(MATERIAL SUPPLIED)

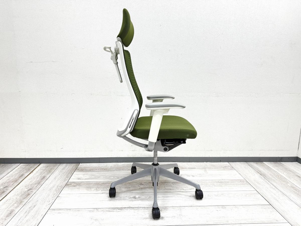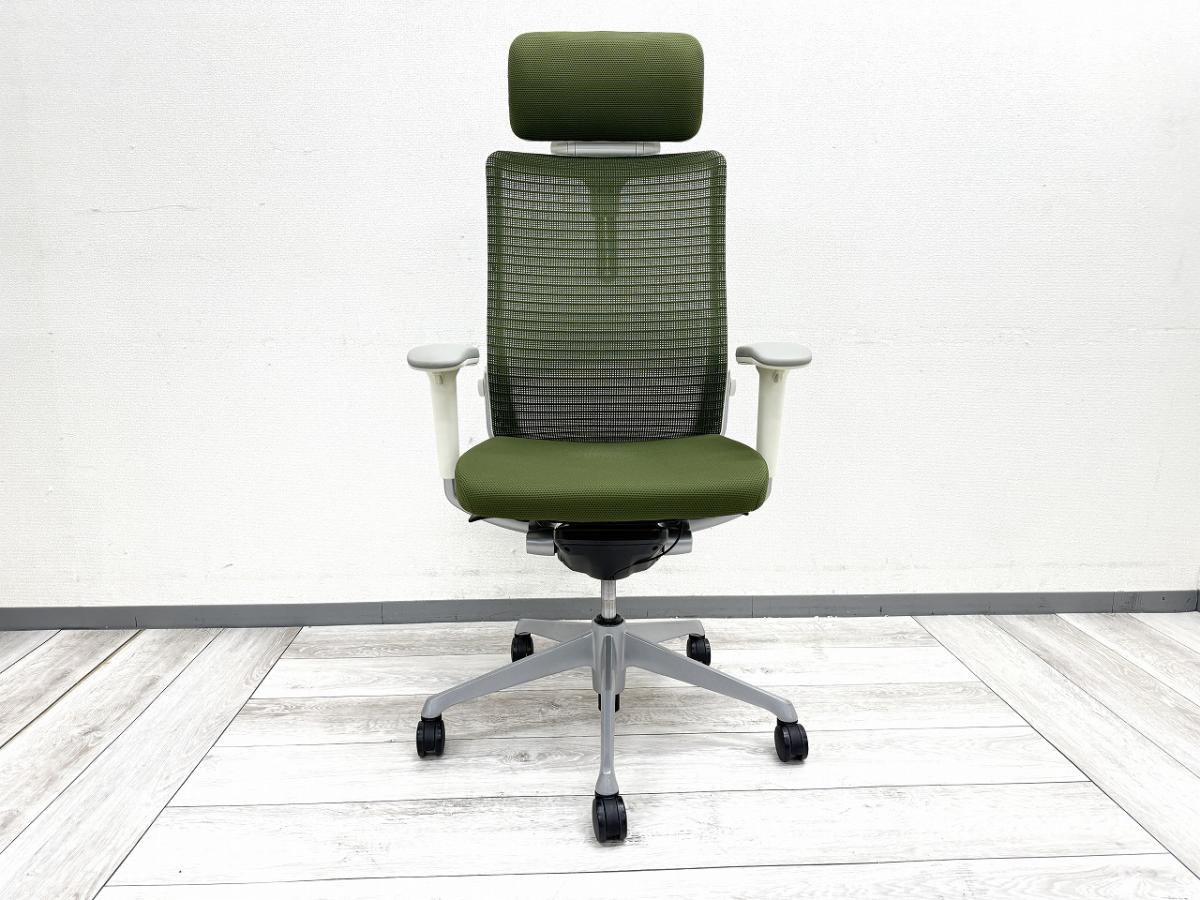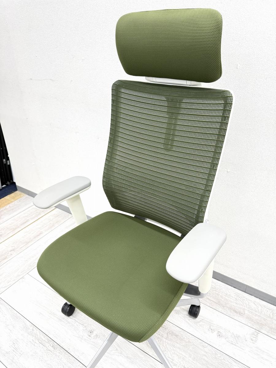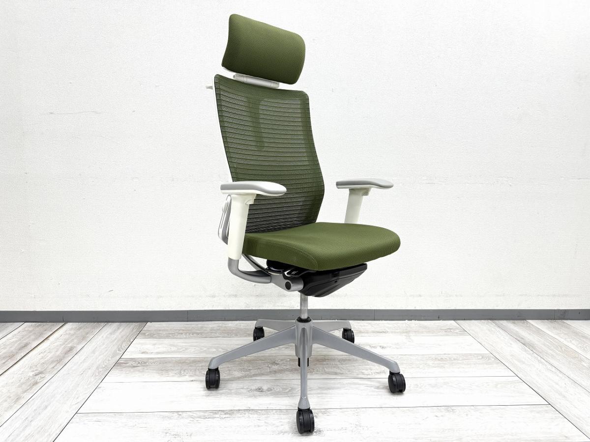 【ヘッドレスト付きならコレ!厚めのクッションで快適な座り心地を実現!】■オカムラ(okamura)製 コーラル(choral)チェア ■エクストラハイバック ■ヘッドレスト付き ■背メッシュ ■グリーン ■デザインアーム〈岐阜・愛知・三重・静岡・福井〉- 岐阜店
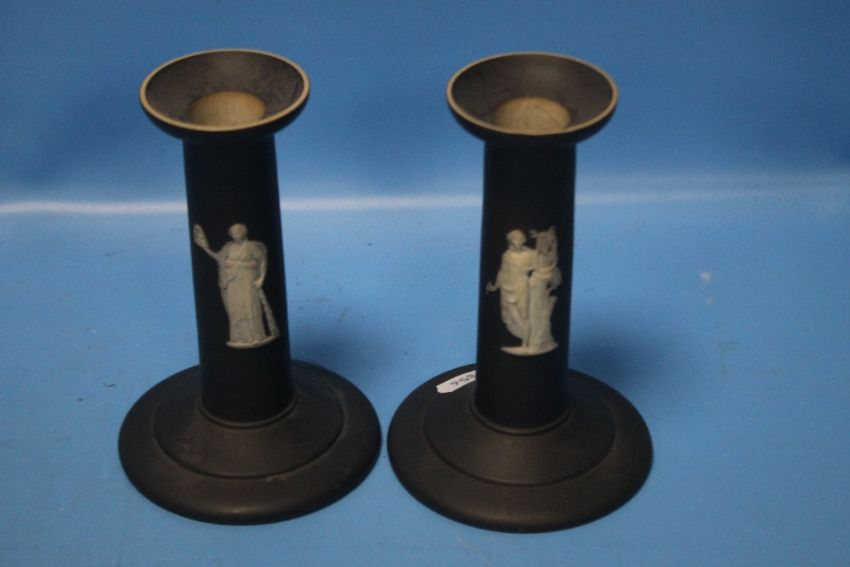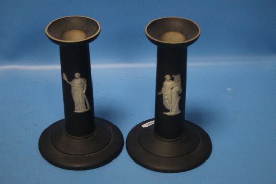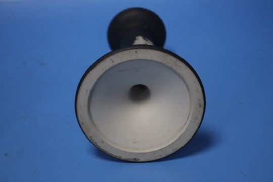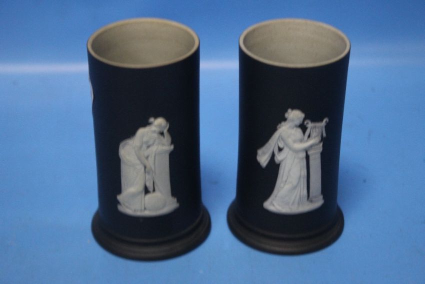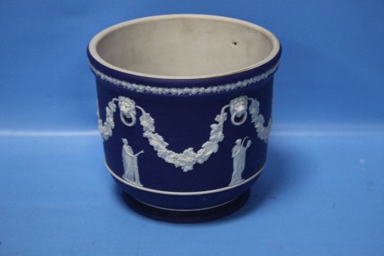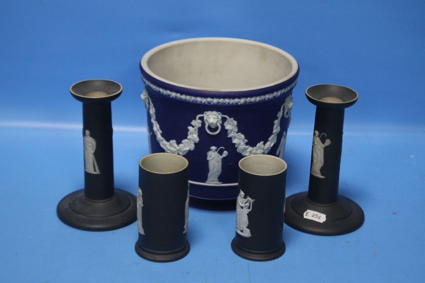 A COLLECTION OF WEDGWOOD JASPERWARE MAINLY BLACKCondition Report: The jardiniere is a darker blue. It has an old rust stain to the inside bottom, light surface scratches, a chip to the foot rim and small flea bit chips to the base and rim. H 16 cmThe black pieces are in good condition with no damages we can find.
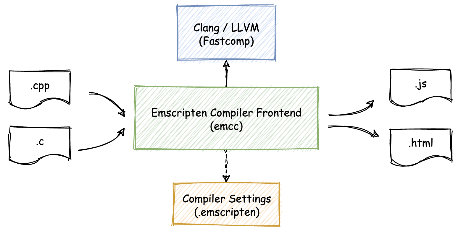 需要注意的一点是,在上图中你可以看到一个名为 “Fastcomp” 的组件,这个组件是 Emscripten 在旧版本中用于生成 ASM.js 代码的编译器后端,当然它也兼有生成 Wasm 代码的功能。
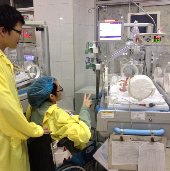 Hiện bé Gấu (con trai chị Trâm) vẫn phải thở máy, được nuôi dưỡng hoàn toàn bằng đường tĩnh mạch và dự kiến sẽ tiếp tục được chăm sóc đặc biệt cho đến khi cứng cáp, có thể tự thở. Theo các bác sĩ, với trẻ sinh non thiếu tháng nhiều như trường hợp bé Gấu có thể phải nằm viện 3 tháng. Khi mới được đưa vào Trung tâm bé nặng 1,2 kg.
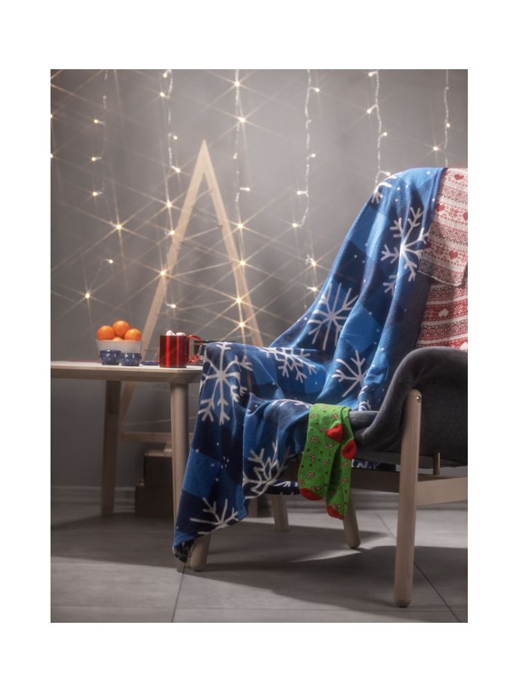 Niebieski koc ze śnieżnym motywem to doskonały towarzysz chłodnych wieczorów. Miękka tkanina zapewni ciepło, a wyjątkowy wzór przenosi do wprost do magicznej, zimowej krainy.

(End MATERIAL SUPPLIED)

ACTIVITY — Without including any pictures, copy every line above exactly.

THE ANSWER —
 【ヘッドレスト付きならコレ!厚めのクッションで快適な座り心地を実現!】■オカムラ(okamura)製 コーラル(choral)チェア ■エクストラハイバック ■ヘッドレスト付き ■背メッシュ ■グリーン ■デザインアーム〈岐阜・愛知・三重・静岡・福井〉- 岐阜店
 A COLLECTION OF WEDGWOOD JASPERWARE MAINLY BLACKCondition Report: The jardiniere is a darker blue. It has an old rust stain to the inside bottom, light surface scratches, a chip to the foot rim and small flea bit chips to the base and rim. H 16 cmThe black pieces are in good condition with no damages we can find.
 需要注意的一点是,在上图中你可以看到一个名为 “Fastcomp” 的组件,这个组件是 Emscripten 在旧版本中用于生成 ASM.js 代码的编译器后端,当然它也兼有生成 Wasm 代码的功能。
 Hiện bé Gấu (con trai chị Trâm) vẫn phải thở máy, được nuôi dưỡng hoàn toàn bằng đường tĩnh mạch và dự kiến sẽ tiếp tục được chăm sóc đặc biệt cho đến khi cứng cáp, có thể tự thở. Theo các bác sĩ, với trẻ sinh non thiếu tháng nhiều như trường hợp bé Gấu có thể phải nằm viện 3 tháng. Khi mới được đưa vào Trung tâm bé nặng 1,2 kg.
 Niebieski koc ze śnieżnym motywem to doskonały towarzysz chłodnych wieczorów. Miękka tkanina zapewni ciepło, a wyjątkowy wzór przenosi do wprost do magicznej, zimowej krainy.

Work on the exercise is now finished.